[Recorded data]

★ ★ ★

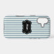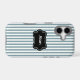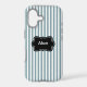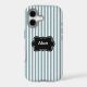 Des rayures verticales gris-vert-bleu font un fond élégant pour cette coque d'iPhone 17. Très net et élégant.
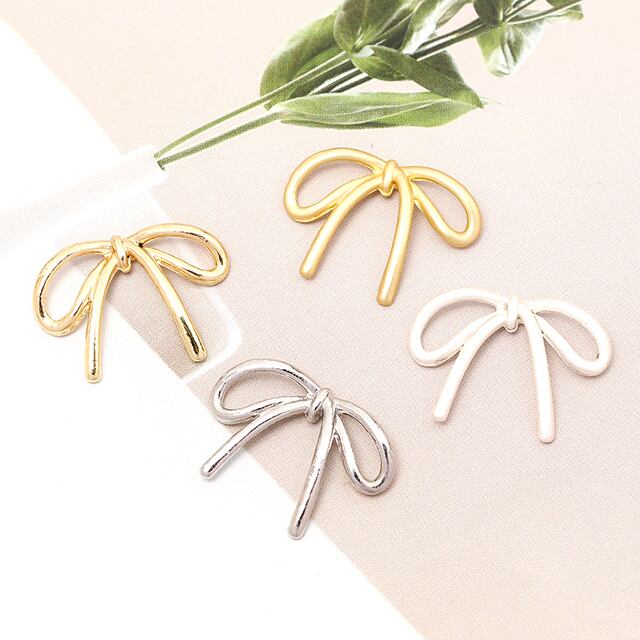 M13373 メタルリボンパーツ 立体 リボンチャーム ネックレストペンダントトップ リボン型ジョイントパーツ ポニーフック用リボンパーツ 貼付け可 14×20mm(6ヶ) | Beads&parts BASE2号店
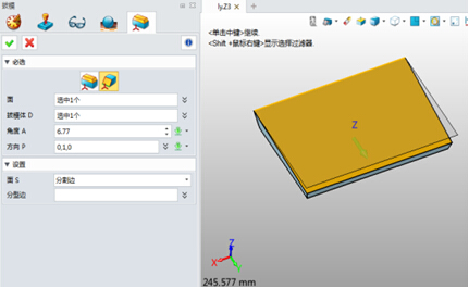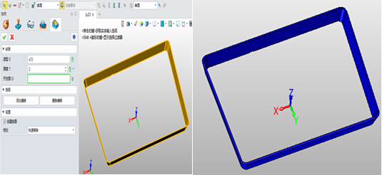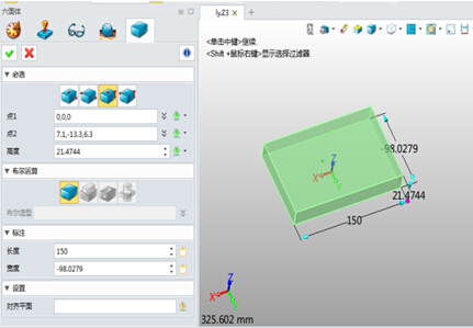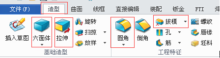 直接运用xelega3D中“造型”模块的“六面体”、“拔模”、“拉伸”、“圆角”这几项功能(功能键界面如见图2),直接完成主体部分的设计,而不用设置繁琐的参数,设计非常高效(图3-图5)
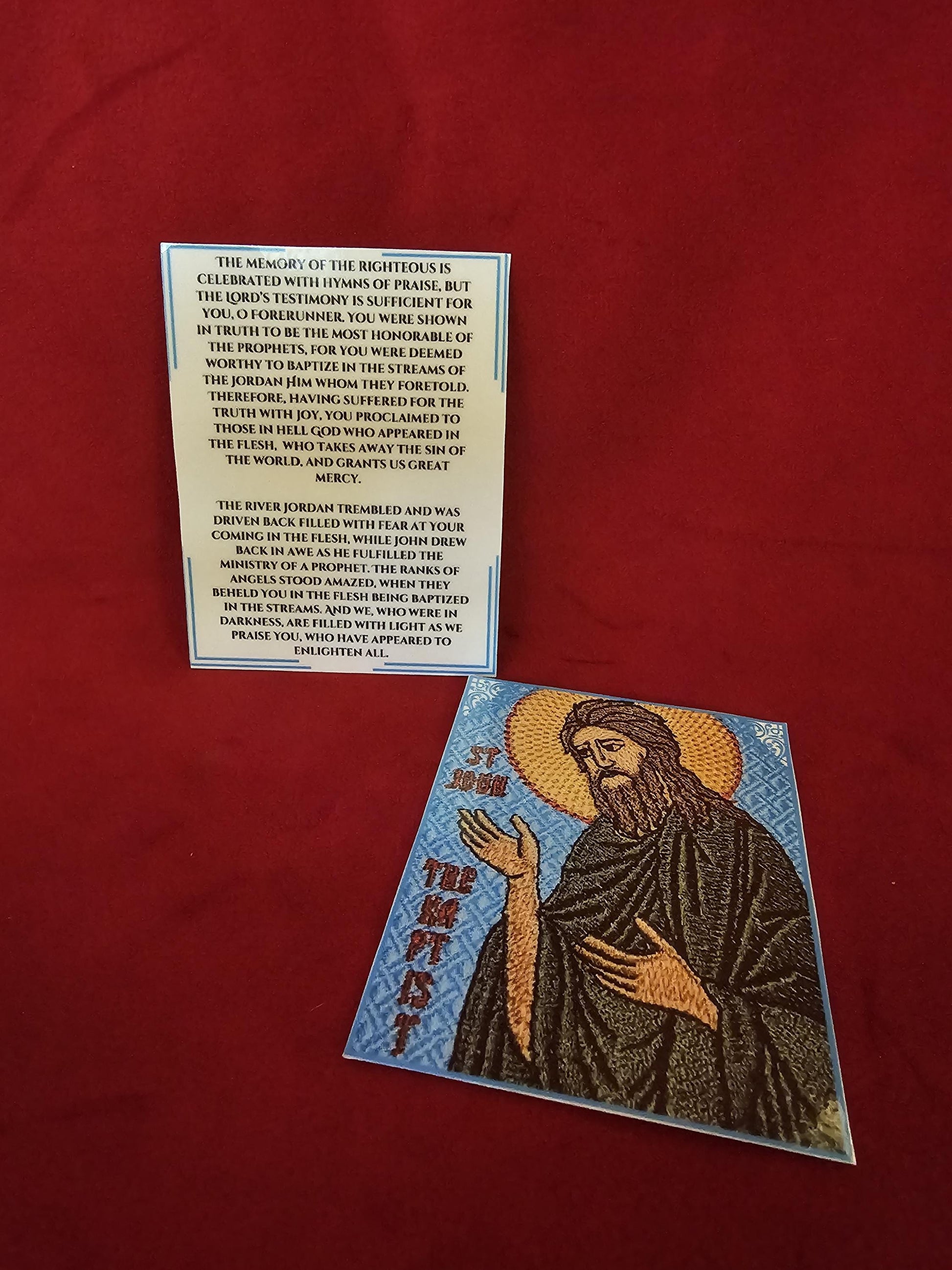 Honor the revered Saint John the Baptist, the forerunner of Christ, with this beautifully designed Orthodox prayer card. Featuring a striking image of Saint John made from an embroidered icon we offer here for sale, this laminated card is crafted for durability, making it an ideal companion for daily prayer or a cherished keepsake.
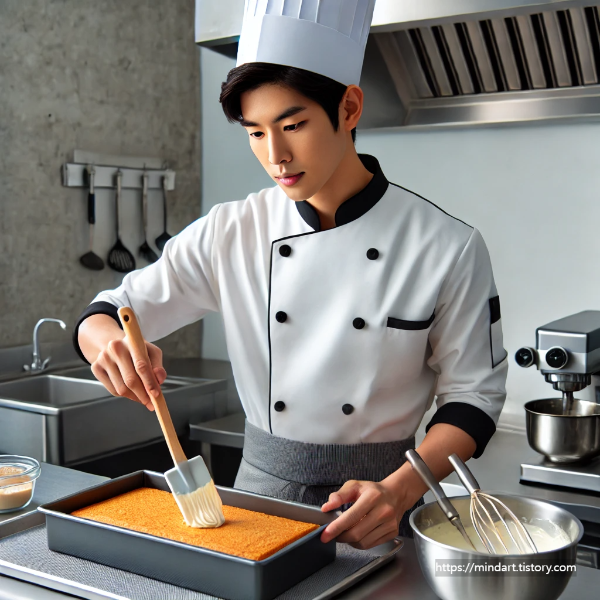 (케이크 반죽이 고르게 퍼졌는지 확인해!)
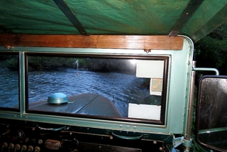 Die Fahrt durch den Urwald ist mehr als rumpelig … immer wieder muß ich aufpassen, daß ich mit der Camera nicht aufschlage. Ruben kennt seinen Oldy und die Strecke … ruhig und gekonnt rangiert er uns durch die dicht stehenden Bäume hindurch … auch mit den Köpfen müssen wir vor zurückschlagenden Ästen immer wieder in Deckung gehen. Ups … jetzt geht’s aber nicht mehr weiter. Vor uns liegt ein Fluß … und genau den steuert Ruben jetzt für eine Durchfahrt an. Strömung, Wasserstand 1m, ein guter Fahrer, ein Mercedes-LKW Baujahr 1964 mit Allrad … was kann uns schon passieren.

★ ★ ★

### Assigned task
The records above need to be reproduced exactly, with all images omitted.

### Expected output
 Des rayures verticales gris-vert-bleu font un fond élégant pour cette coque d'iPhone 17. Très net et élégant.
 M13373 メタルリボンパーツ 立体 リボンチャーム ネックレストペンダントトップ リボン型ジョイントパーツ ポニーフック用リボンパーツ 貼付け可 14×20mm(6ヶ) | Beads&parts BASE2号店
 直接运用xelega3D中“造型”模块的“六面体”、“拔模”、“拉伸”、“圆角”这几项功能(功能键界面如见图2),直接完成主体部分的设计,而不用设置繁琐的参数,设计非常高效(图3-图5)
 Honor the revered Saint John the Baptist, the forerunner of Christ, with this beautifully designed Orthodox prayer card. Featuring a striking image of Saint John made from an embroidered icon we offer here for sale, this laminated card is crafted for durability, making it an ideal companion for daily prayer or a cherished keepsake.
 (케이크 반죽이 고르게 퍼졌는지 확인해!)
 Die Fahrt durch den Urwald ist mehr als rumpelig … immer wieder muß ich aufpassen, daß ich mit der Camera nicht aufschlage. Ruben kennt seinen Oldy und die Strecke … ruhig und gekonnt rangiert er uns durch die dicht stehenden Bäume hindurch … auch mit den Köpfen müssen wir vor zurückschlagenden Ästen immer wieder in Deckung gehen. Ups … jetzt geht’s aber nicht mehr weiter. Vor uns liegt ein Fluß … und genau den steuert Ruben jetzt für eine Durchfahrt an. Strömung, Wasserstand 1m, ein guter Fahrer, ein Mercedes-LKW Baujahr 1964 mit Allrad … was kann uns schon passieren.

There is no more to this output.